Notebook

Basic Text Analysis¶

We're going to cover two areas of text analysis: computing similarity between documents and training a very simple text classification.

Similarity metrics¶

An early exploratory level analysis that you might want to perform is similarity. How similar are your documents to each other? Once you are operating under the vector space model, you can compute different types of distances between word vectors; Euclidean, Hamming, Jaccard, cosine, and so forth.

It's currently quite popular to use cosine distances, so let's review what a cosine distance is and how to compute it.

Cosine distance¶

Think back to your days in grade school geometry. Cosine is a measure of an angle between two vectors. If the vectors are heading towards points very distant from the other, the angle between the two vectors will be very large. If they are heading towards a similar point in space, the angle will be very small.

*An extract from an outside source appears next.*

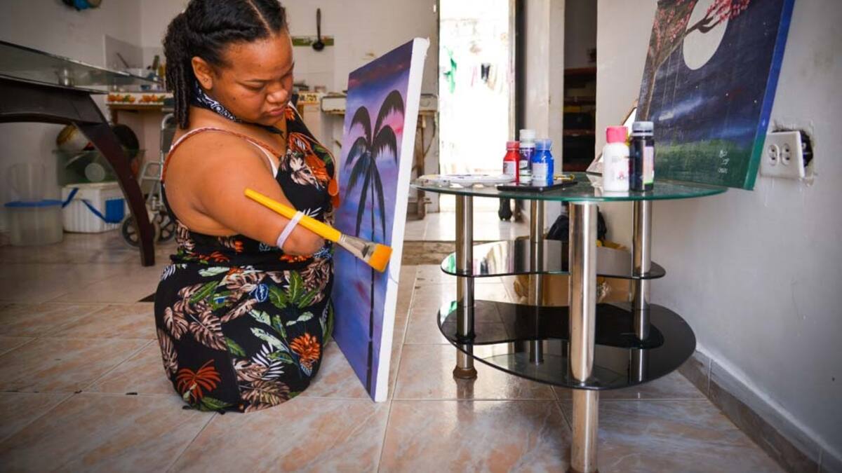 Aprender a escribir fue una de las actividades más complejas, pero lo logró. Inicialmente lo hizo con el pie izquierdo, luego el arte la sedujo y la misma manilla que usaba para sostener el lápiz, es la que hoy utiliza para sujetar el pincel con el que elabora las pinturas. El paisaje y la naturaleza son su mayor inspiración.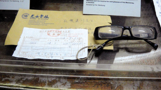 在众多的地震文物中,还有两件颇具争议的文物:“范跑跑”的一本教科书和一副眼镜。

Since we have represented documents as word vectors, we can find the cosine distance between documents and treat the resulting angle as an estimate of similarity based on word occurrences and frequencies. Similarity tends to be recalculated as 1 - distance so a cosine score of 1.0 means exactly identical.

Here are some excellent, more in-depth summaries of the math behind cosine distances as they relate to text in vector space:

We could go into more detail about how to compute cosine distance, but luckily scikits-learn has made this easy for us. We can multiply the tfidf sparse matrix object by its transpose and get cosine distances.

In [1]:

#according to one of the guys who helped write the tfidf implementation in scikits-learn: http://stackoverflow.com/a/8897648
from sklearn.feature_extraction.text import TfidfVectorizer

mydoclist = ['Julie loves me more than Linda loves me',
'Jane likes me more than Julie loves me',
'He likes basketball more than baseball']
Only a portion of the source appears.